OTT messaging volumes to double in 2014, says Analysys Mason

Messaging volumes associated with OTT services are expected to almost double in 2014 and will reach 37.8 trillion messages sent in 2018, said Analysys Mason.

The number of messaging users on smartphones will increase from about 1 billion in 2013 to almost 3 billion in 2018.

Analysys Mason said the total volume of messages sent from mobile devices via IP services exceeded the volume of SMS messages for the first time in 2013, at more than 10.3 trillion compared with 6.5 trillion worldwide.

Apple, Facebook, Google realize OTT impact

Internet companies such as Apple, Facebook and Google have identified the messaging market as a target for market disruption.

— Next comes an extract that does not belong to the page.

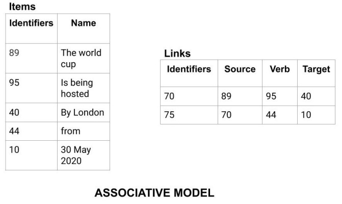 Example: Let us say we have a statement "The world cup is being hosted by London from 30 May 2020". In this data two links need to be stored:

In addition, specialist start-ups such as Kakao, Line and WhatsApp have driven innovation in feature sets and supporting business models. 55 percent of smartphone users were active on IP messaging services at the end of 2013.

The services are driving much higher levels of user engagement compared with SMS. WhatsApp recorded 10 billion outgoing messages in a single day in June 2013, which equated to an average of more than 30 messages per user per day.

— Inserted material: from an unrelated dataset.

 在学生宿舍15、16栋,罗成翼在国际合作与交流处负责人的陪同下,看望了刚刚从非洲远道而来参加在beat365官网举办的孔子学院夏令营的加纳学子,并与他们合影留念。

Analysys Mason suggests that telecom operators need to reassess their role in the messaging market.

The weakening role of operators in the messaging value chain suggests that it is only a matter of time before SMS services are dislodged from their current default position on smartphones. OEMs and OS providers are moving aggressively into the messaging market and it will be increasingly commonplace for alternative messaging services to be set as the default. The ubiquity of operator services is often cited as their key strength.

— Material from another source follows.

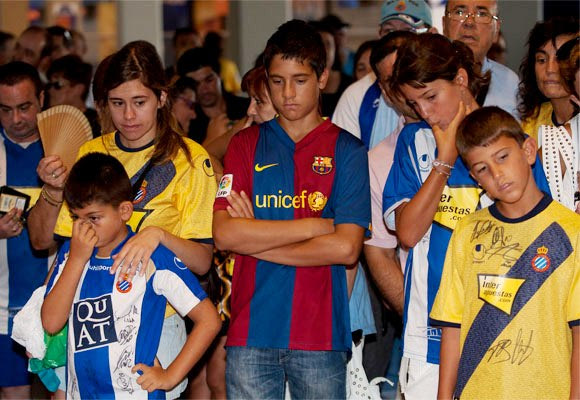 12. Ατελείωτες ουρές από απλούς φίλαθλους έξω από το Cornellà-El Prat που περιμένουν να δώσουν το τελευταίο αντίο στον Ντάνι Χάρκε (11/8/2009)
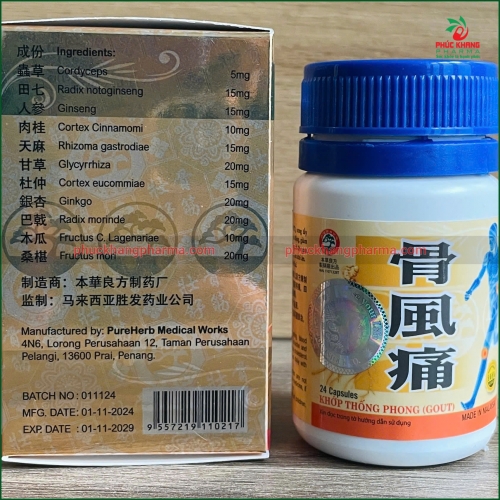 Viên Khớp Thông Phong (Gout) là sản phẩm đông y truyền thống từ Malaysia, được nghiên cứu dựa trên bài thuốc cổ truyền trong "Bản Thảo Lương Phương Cốt Phong Thống" - một trong những y thư nổi tiếng về điều trị bệnh xương khớp. Sản phẩm kết hợp 11 vị thảo dược quý hiếm như đông trùng hạ thảo, điền thất, nhân sâm, bạch quả... được chế biến bằng công nghệ hiện đại, giúp hỗ trợ điều trị hiệu quả các triệu chứng của bệnh Gout và các bệnh lý xương khớp khác.

However, in messaging, intensive usage tends to be clustered within relatively small user groups, and many users switch rapidly between different services. Any interoperability issues are solved by an easy download of another app. In this fragmented market, operators could potentially be left as the third-rate fallback option, behind native capabilities provided by the OS (Android, iOS or Windows Phone) and behind the large-scale, cross-platform apps.

Operators’ IP-based initiatives, whether industry-standard such as RCS or based on proprietary platforms, could serve to limit substitution in some markets, but are likely to only secure minority market shares. In most cases, the momentum behind OTT alternatives is too strong, and operators are lacking compelling means of differentiation in messaging.

OTT to double

Suggestions for telecoms

Operators will struggle to compete directly with the major Internet players and niche providers of messaging services. Instead, they need to focus efforts on supporting services where they are able to differentiate and derive revenue.

Given the limited opportunity in the consumer retail space, operators should focus their efforts on using their network assets and brand strengths to ensure that they are well positioned to address opportunities in other segments. Working with partners and fostering ecosystems is critical to success in the broader communication services market.

Competition from major players with extensive financial resources and indirect business models further underlines the need for operators to focus on cost reduction. Messaging margins are very vulnerable when services such as WhatsApp Messenger can run on operating costs in the tens of cents per subscriber per year.